Program: Oral and Poster Abstracts
Type: Oral
Session: 617. Acute Myeloid Leukemia: Biology, Cytogenetics and Molecular Markers in Diagnosis and Prognosis: Novel Molecular Markers for the Detection of Clonal Hematopoiesis and Minimal Residual Disease
Methods: Fifty-two consecutively enrolled patients with AML at a single center who had paired diagnostic and CR bone marrow specimens were studied. First, genomic DNA from FACS-purified leukemic cells of diagnostic samples underwent Sanger resequencing of NPM1, IDH1, IDH2, NRAS, KRAS, FLT3, TP53, DNMT3A, TET2, ASXL1, BCORL1, CEBPA, and RUNX1. For cases with <2 mutations identified, an additional 36 recurrently mutated genes in AML were sequenced using droplet-based library preparation and massively parallel sequencing. Second, allele-specific fluorescent oligonucleotide probes using minor groove-binding or locked nucleic acid chemistries were developed for each mutation and optimized for allele discrimination using quantitative PCR. ddPCR (RainDance Technologies) was then performed on replicate DNA samples extracted from Ficoll-enriched bone marrow aspirates obtained in CR (median time from induction: 36d) to determine variant allele frequency (VAF) for all mutations.

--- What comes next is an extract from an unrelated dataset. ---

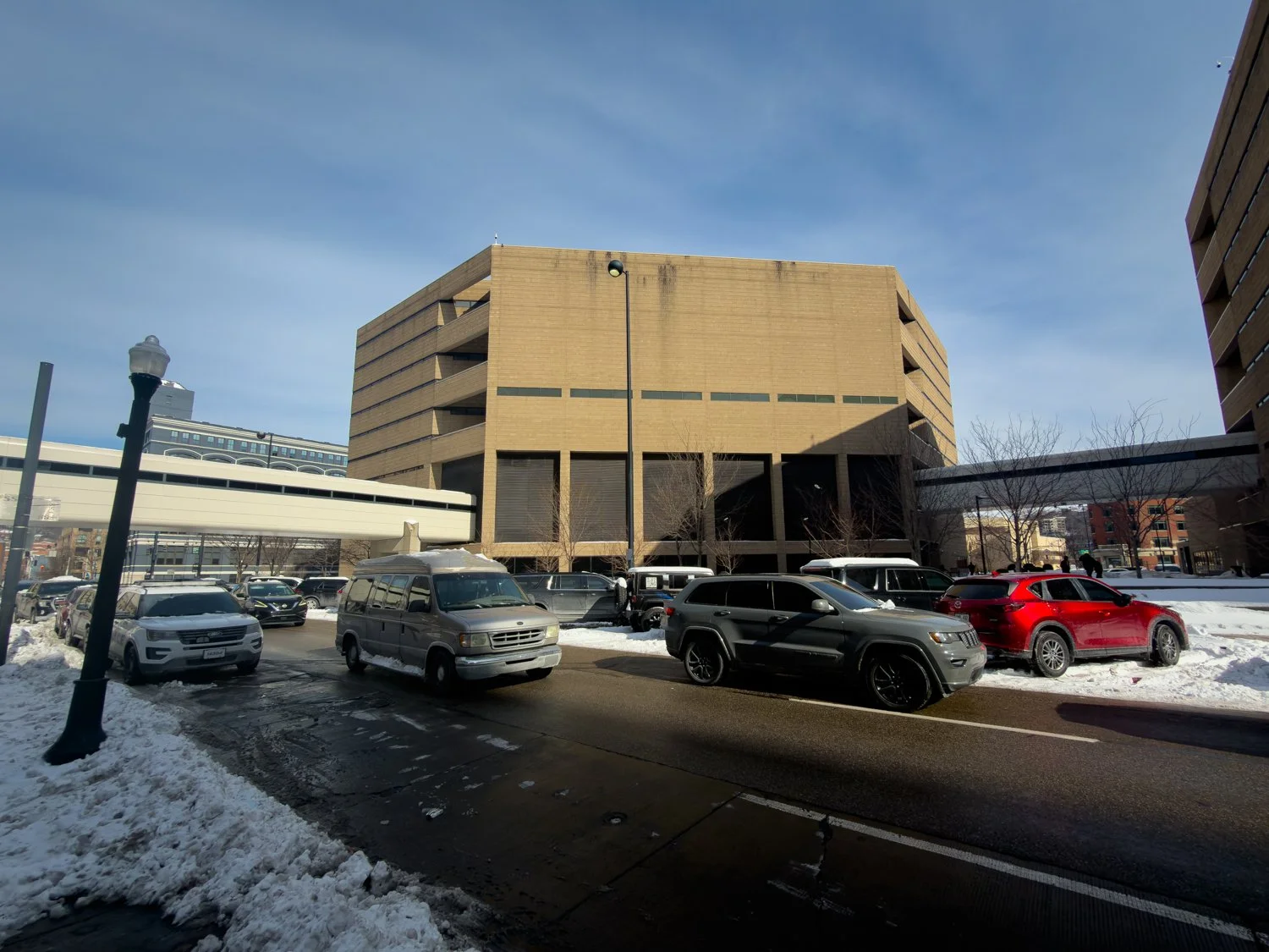 Skywalk as seen above Main St on a frigid day in January 2025.
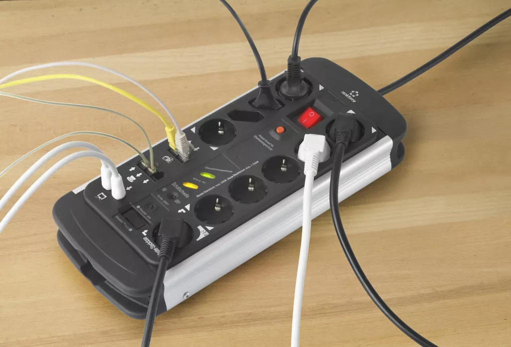 Maximum 5 készülék automatikus bekapcsolásához használható. A slave dugaszoló aljzatokhoz csatlakoztatott készülékek egy főkészülék ("mester" dugaszoló aljzat) segítségével vezérelhetők. A mesterfunkció tartós üzembe kapcsolható. A kapcsolási küszöbérték 8 - 80 W között beállítható. Az elosztó csatlakozó aljzatai (2 db védőérintkezős/ 2 db Euro) folyamatosan feszültség alatt állnak és a főkapcsolóval be és kikapcsolhatók. Továbbá beépített túlfeszültség védelemmel rendelkezik, ami a TV-, RJ11- és az RJ45 aljzatokat is ellenőrzi. Optikai túlfeszültség védelem kijelzés. Visszaállítható túlfeszültség védelem.

Results: In CR bone marrow samples, we detected residual gene mutations in 88% of cases (46 of 52) using a detection threshold of 0.005% VAF. Notably, DNMT3A and TET2 mutations persisted at >1% VAF in 85% (11 of 13) (range 1.6-34.6%) and 50% (5 of 10) (range 2.3-15.1%) of cases, respectively, including in patients with subsequent durable remissions (>1000 days). Conversely, 94% (15 of 16) and 100% (5 of 5) of NPM1 and NRAS mutations, respectively, were reduced to <1% VAF, and 44% (7 of 16) of NPM1 mutations and 60% (3 of 5) of NRASmutations were undetectable.
In cases for which ≥2 mutations were measured (N=28), two distinct patterns of residual allele burden were identified. In 32% (9 of 28) of cases, the VAFs of all genes measured were concordant (<1 log difference in VAF), but importantly, in 68% (19 of 28) of cases one or more VAFs were discordant (≥1 log difference), indicative of separate residual clones. In discordant cases, DNMT3A was the most common mutated gene of highest VAF (10 of 19, 53%), while NPM1was the most frequent gene mutation of lowest VAF (10 of 19, 53%).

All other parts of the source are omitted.